▸ **What needs to be done**: Pictures aside, the data must be reproduced exactly.

*** Dataset section Section Begins ***

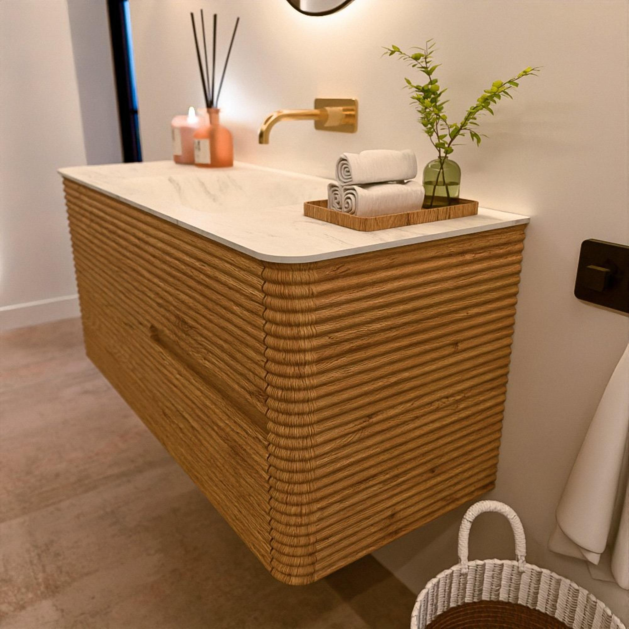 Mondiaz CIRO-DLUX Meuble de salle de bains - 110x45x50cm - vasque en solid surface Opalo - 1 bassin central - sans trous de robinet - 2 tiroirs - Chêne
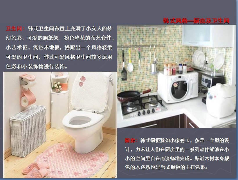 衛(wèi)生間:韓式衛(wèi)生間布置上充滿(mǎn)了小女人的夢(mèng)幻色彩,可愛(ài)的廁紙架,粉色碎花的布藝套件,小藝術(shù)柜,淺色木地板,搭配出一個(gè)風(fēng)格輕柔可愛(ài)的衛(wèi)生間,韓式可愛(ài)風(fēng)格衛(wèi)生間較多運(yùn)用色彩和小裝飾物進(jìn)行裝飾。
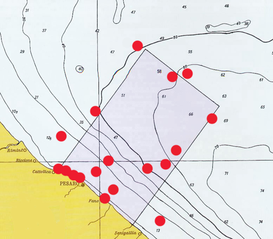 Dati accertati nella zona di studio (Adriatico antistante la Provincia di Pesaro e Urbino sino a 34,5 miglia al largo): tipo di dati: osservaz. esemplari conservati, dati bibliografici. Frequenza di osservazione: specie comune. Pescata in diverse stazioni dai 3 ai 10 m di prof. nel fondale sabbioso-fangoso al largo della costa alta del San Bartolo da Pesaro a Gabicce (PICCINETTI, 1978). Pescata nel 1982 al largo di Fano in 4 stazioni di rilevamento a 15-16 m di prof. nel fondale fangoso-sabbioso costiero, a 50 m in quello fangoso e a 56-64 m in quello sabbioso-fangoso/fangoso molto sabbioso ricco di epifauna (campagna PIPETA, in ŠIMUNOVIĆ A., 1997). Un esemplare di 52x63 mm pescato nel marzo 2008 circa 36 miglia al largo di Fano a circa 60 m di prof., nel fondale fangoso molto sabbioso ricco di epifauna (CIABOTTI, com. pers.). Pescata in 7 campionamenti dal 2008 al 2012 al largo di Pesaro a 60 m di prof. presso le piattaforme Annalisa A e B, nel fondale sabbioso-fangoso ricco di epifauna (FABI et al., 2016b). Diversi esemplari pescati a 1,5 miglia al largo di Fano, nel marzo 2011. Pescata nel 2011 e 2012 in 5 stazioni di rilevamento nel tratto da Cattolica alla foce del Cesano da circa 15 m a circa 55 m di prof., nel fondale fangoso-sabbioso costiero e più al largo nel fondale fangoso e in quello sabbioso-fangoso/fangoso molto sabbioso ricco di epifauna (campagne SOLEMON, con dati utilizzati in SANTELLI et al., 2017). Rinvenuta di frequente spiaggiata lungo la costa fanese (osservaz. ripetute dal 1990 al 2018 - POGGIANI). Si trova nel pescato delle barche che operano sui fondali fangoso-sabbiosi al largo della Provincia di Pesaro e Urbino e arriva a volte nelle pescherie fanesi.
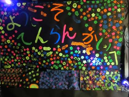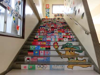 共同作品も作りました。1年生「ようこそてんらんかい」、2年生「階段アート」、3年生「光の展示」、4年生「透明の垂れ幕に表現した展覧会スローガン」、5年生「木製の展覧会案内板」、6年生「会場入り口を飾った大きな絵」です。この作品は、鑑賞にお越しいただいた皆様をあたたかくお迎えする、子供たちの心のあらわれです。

*** Dataset section Section Ends ***

▸ **Exercise result**:
 Mondiaz CIRO-DLUX Meuble de salle de bains - 110x45x50cm - vasque en solid surface Opalo - 1 bassin central - sans trous de robinet - 2 tiroirs - Chêne
 衛(wèi)生間:韓式衛(wèi)生間布置上充滿(mǎn)了小女人的夢(mèng)幻色彩,可愛(ài)的廁紙架,粉色碎花的布藝套件,小藝術(shù)柜,淺色木地板,搭配出一個(gè)風(fēng)格輕柔可愛(ài)的衛(wèi)生間,韓式可愛(ài)風(fēng)格衛(wèi)生間較多運(yùn)用色彩和小裝飾物進(jìn)行裝飾。
 Dati accertati nella zona di studio (Adriatico antistante la Provincia di Pesaro e Urbino sino a 34,5 miglia al largo): tipo di dati: osservaz. esemplari conservati, dati bibliografici. Frequenza di osservazione: specie comune. Pescata in diverse stazioni dai 3 ai 10 m di prof. nel fondale sabbioso-fangoso al largo della costa alta del San Bartolo da Pesaro a Gabicce (PICCINETTI, 1978). Pescata nel 1982 al largo di Fano in 4 stazioni di rilevamento a 15-16 m di prof. nel fondale fangoso-sabbioso costiero, a 50 m in quello fangoso e a 56-64 m in quello sabbioso-fangoso/fangoso molto sabbioso ricco di epifauna (campagna PIPETA, in ŠIMUNOVIĆ A., 1997). Un esemplare di 52x63 mm pescato nel marzo 2008 circa 36 miglia al largo di Fano a circa 60 m di prof., nel fondale fangoso molto sabbioso ricco di epifauna (CIABOTTI, com. pers.). Pescata in 7 campionamenti dal 2008 al 2012 al largo di Pesaro a 60 m di prof. presso le piattaforme Annalisa A e B, nel fondale sabbioso-fangoso ricco di epifauna (FABI et al., 2016b). Diversi esemplari pescati a 1,5 miglia al largo di Fano, nel marzo 2011. Pescata nel 2011 e 2012 in 5 stazioni di rilevamento nel tratto da Cattolica alla foce del Cesano da circa 15 m a circa 55 m di prof., nel fondale fangoso-sabbioso costiero e più al largo nel fondale fangoso e in quello sabbioso-fangoso/fangoso molto sabbioso ricco di epifauna (campagne SOLEMON, con dati utilizzati in SANTELLI et al., 2017). Rinvenuta di frequente spiaggiata lungo la costa fanese (osservaz. ripetute dal 1990 al 2018 - POGGIANI). Si trova nel pescato delle barche che operano sui fondali fangoso-sabbiosi al largo della Provincia di Pesaro e Urbino e arriva a volte nelle pescherie fanesi.
 共同作品も作りました。1年生「ようこそてんらんかい」、2年生「階段アート」、3年生「光の展示」、4年生「透明の垂れ幕に表現した展覧会スローガン」、5年生「木製の展覧会案内板」、6年生「会場入り口を飾った大きな絵」です。この作品は、鑑賞にお越しいただいた皆様をあたたかくお迎えする、子供たちの心のあらわれです。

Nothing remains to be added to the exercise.